I'll add the customary excerpt from the Field Guide later.

I wish there was a mood selection classification for "Annoyed". We're watching An Officer And A Gentleman and I'm becoming increasingly more convinced that I might have been better off before acquiring cable--before, essentially, being bombarded with images of those people I classify as "dizzy".

I'll clarify--and say now that I'm aware that it's entirely possible that this classification is unfair on my part. Perhaps. Certain things are very subjective, after all. "Dizzy" is the classification I reserve for people who display the following qualities: obliviousness, deliberate or otherwise, to his/her surroundings and the consequences of his/her actions (or inactions); premeditated manipulation of members of his/her own or the opposite sex for his/her own benefit; deliberate minimizing of his/her own intelligence in order to impress members of his/her own or the opposite sex, etc. The list is lengthy, but the above-noted are the qualities that I find most objectionable and the ones that this movie (and so many others I've seen lately) portray as not only acceptable but desireable in females. This disgusts me, largely because I firmly believe that society will expect of you what you demand that it expect of you--and I believe that society will continue to expect women to behave as either bloodless, manipulative creatures who will resort to any devious ploy to achieve their goals or helpless, clueless stereotypes of male fantasies with the mentalities of children as long as there are women who reinforce these expectations.
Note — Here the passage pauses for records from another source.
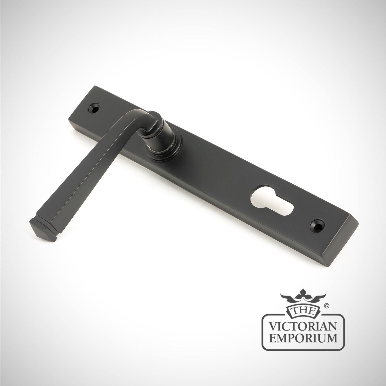 These lever handles are popular for their simplicity with a strong double spring incorporated. Ideal for external doors where multi-point locking is required.
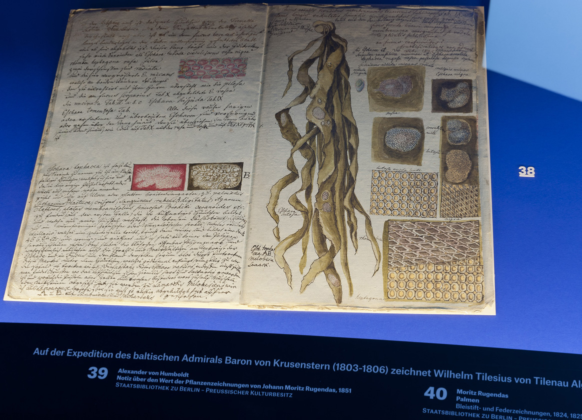 Ulrike Ottinger's film recordings and travel notes encounter historical documents of famous world travelers from the 18th and 19th centuries in the exhibition. The confrontation of the artist's contemporary filmic observations with unique historical manuscripts from the State Library and objects from the holdings of the Ethnological Museum, the Museum of Natural History and the Botanical Museum creates an exciting story, from the first preparations for an expedition to the return of the travelers enough. Your knowledge, impressions and ideas span the gap between past and present. In addition to the films, the focus of the exhibition is therefore on the diaries, letters and drawings of Alexander von Humboldt, Reinhold Forster, Adelbert von Chamissos and Ulrike Ottingers.
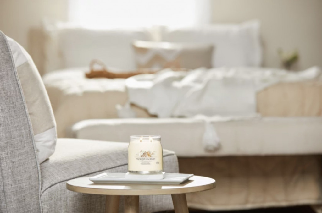 Srednja sveća u tegli iz Signature kolekcije od Yankee Candle livena je od blenda sojinog voska sa dva pamučna fitilja.
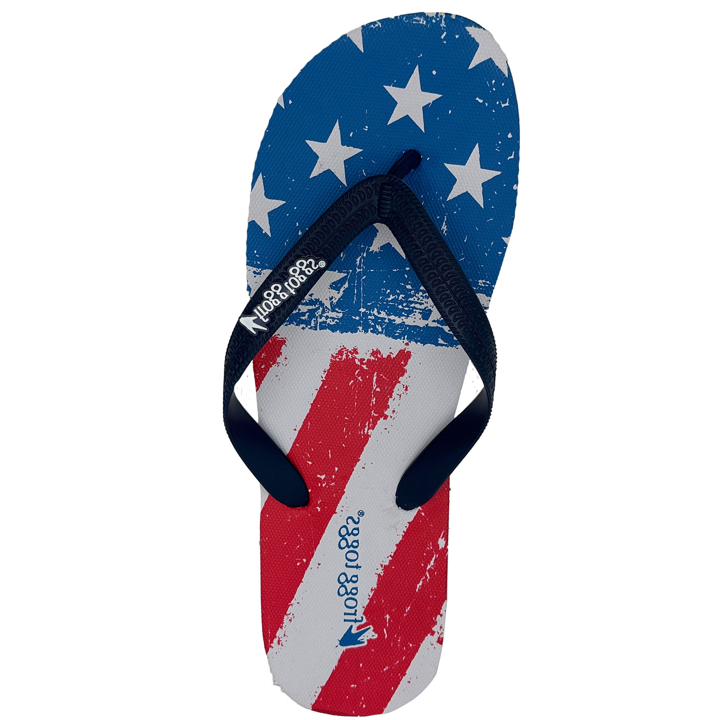 CELEBRATE AMERICA IN COMFORT AND STYLE WITH THESE LIGHTWEIGHT FLIP FLOPS AND LET YOUR PATRIOTIC PRIDE SHINE. WHETHER YOU ARE GRILLING AT A BACKYARD BBQ, STROLLING THE BOARDWALK, OR WATCHING FIREWORKS BY THE LAKE, THESE SANDALS DELIVER ALL DAY COMFORT WITH THEIR CUSIONED FOOTBED AND FLEXIBLE CONSTRUCTION. THE WATER FRIENDLY MATERIALS DRY FAST, WHILE THE TREAD DESIGN KEEPS YOU STEADY ON WET OR DRY GROUND. DURABLE, SOFT THONG STRAPS ENSURE A SECURE FIT, AND CLEANUP IS AS EASY AS A QUICK RINSE.Specifications
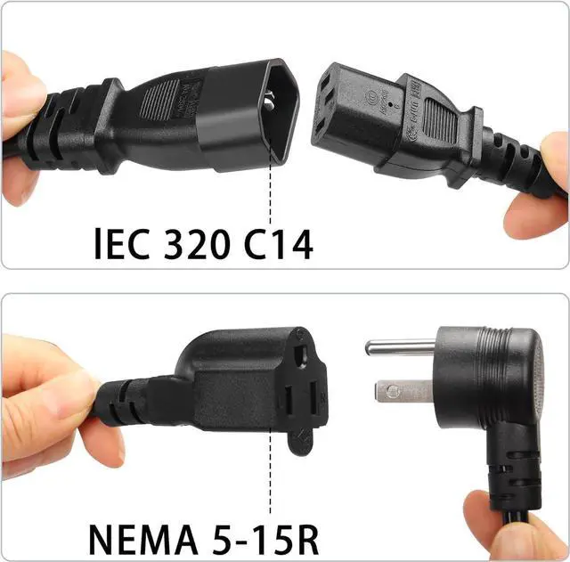 This extension cable splitter allows two devices with NEMA 5-15P plugs to share one AC input cord and one C13 power outlet.
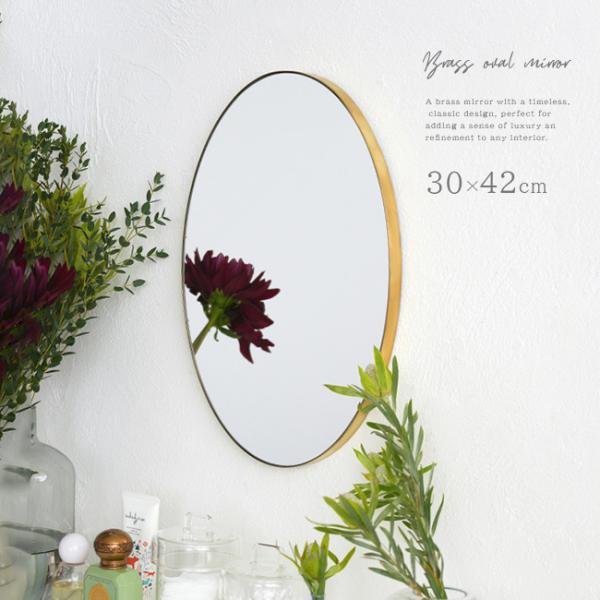 Brass oval mirror HS3684(壁掛けミラー 楕円 オーバル アンティーク 風 洗面鏡 洗面所 トイレ 真鍮 鏡 楕円形 壁掛け)
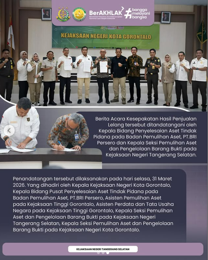 Penandatangan tersebut dilaksanakan pada hari Selasa, 31 Maret 2026. Yang dihadiri oleh Kepala Kejaksaan Negeri Kota Gorontalo, Kepala Bidang Pusat Penyelesaian Aset Tindak Pidana pada Badan Pemulihan Aset, PT.BRI Persero, Asisten Pemulihan Aset pada Kejaksaan Tinggi Gorontalo, Asisten Perdata dan Tata Usaha Negara pada Kejaksaan Tinggi Gorontalo, Kepala Seksi Pemulihan Aset dan Pengelolaan Barang Bukti pada Kejaksaan Negeri Tangerang Selatan, Kepala Seksi Pemulihan Aset dan Pengelolaan Barang Bukti pada Kejaksaan Negeri Kota Gorontalo
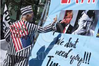 CIUDAD DE MÉXICO, 20ENERO2017.- Manifestantes se reunieron en la Embajada de los Estados Unidos de América para protestar en contra del nuevo presidente Donald Trump. FOTO: TERCERO DÍAZ /CUARTOSCURO.COM
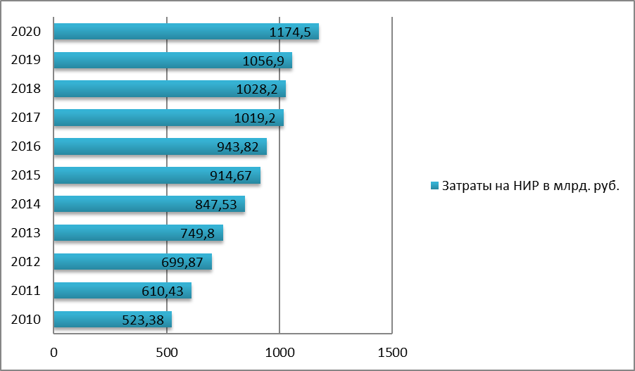 По данным статистический исследований объем затрат на научно-исследовательские разработки по всем субъектам РФ в 2020 году составило 1174,5 млрд. руб., что больше на 200 млрд. руб., от плановых показателей. Объем финансирования НИР за последние годы показывает нарастающую динамику, что может свидетельствовать о положительном экономическом эффекте от разработки и внедрения инновационных технологий в бизнес среду.
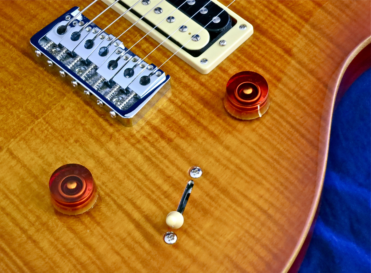 PRS:n patentoitu vibratalla on selvästi jykevämpi ilmestys kuin 50-luvun perinnevibrat. Kampi painetaan paikoilleen, ja sen liikkuvuus nylonkauluksessaan säädetään pienellä kuusiokoloruuvilla.
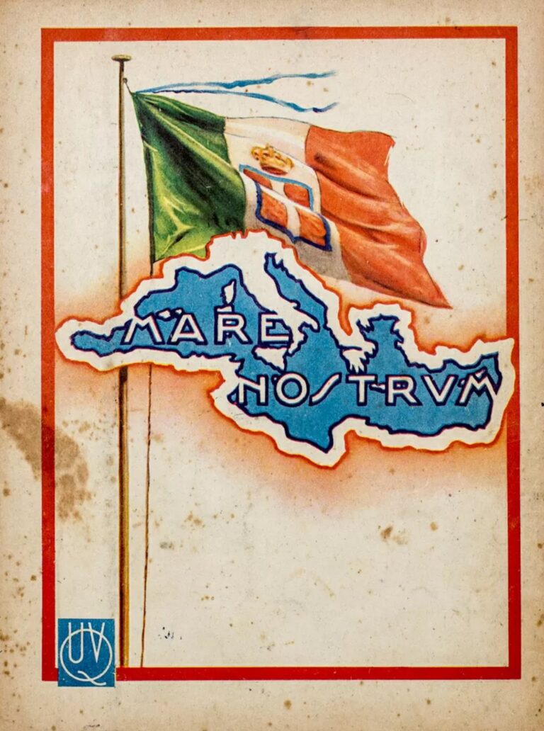 This particular copy belongs to a fifth-grade school notebook belonging to a pupil from the village of Canepina, in the Lazio region. The map shows the flag of Fascist Italy flying over a map of the Mediterranean Sea, which is labelled as Our Sea.

The big rub in all of this is that I also happen to believe in the right to be whatever you desire to be--to achieve or to not achieve whatever you desire to (or don't) in this life--because that is, to me, one of the most beautiful aspects of this life. I would never deny that freedom to myself--or to anyone else. This becomes problematic when I see a romance between a woman who trolls naval bases to catch an aviator husband (and is portrayed as really having nothing more going for her than a pretty face and a desire to advance herself out of a factory job--by becoming a pilot's wife) and an otherwise intelligent aspiring pilot. The directors expect the audience to support this arrangement. I would much rather see the pilot's relationship with his female counterpart--a woman who also enlisted to beome a pilot (and who, although cited by the drill instructor as "having more character and more heart" than the pilot, is constantly seen crying on the obstacle course). What message does this send? Am I, as a person, supposed to buy into this lock, stock and barrel and actually believe that it is preferable (at least, in society's terms of being desireable and finding a partner) to be sweet and simpering and without goals save the bolstering of one's own ego through a connection between them and another with different goals? Am I, as a person, supposed to buy into the current culture of youth and try to squeeze myself into hotpants to emulate Britney Spears? Am I, as a person, supposed to believe that just because I am a woman I am obligated to feel one way or another--rather than just ignoring the whole damn thing?

Feh.

Frankly, and I might be burning some bridges in saying this, but so be it, I wouldn't have a man who chose such a person over one who equaled (or surpassed) him in ambition or capacity. Such a preference, in my perspective, bespeaks an innate fear of one's partner and of one's own weaknesses--and a fear that exerts such power over one's life that it dictates one's choices in lifemate is to be avoided at all costs. I have no use for men who are threatened by women who can walk the same path as they. Get therapy, sugarpie, and then we can talk.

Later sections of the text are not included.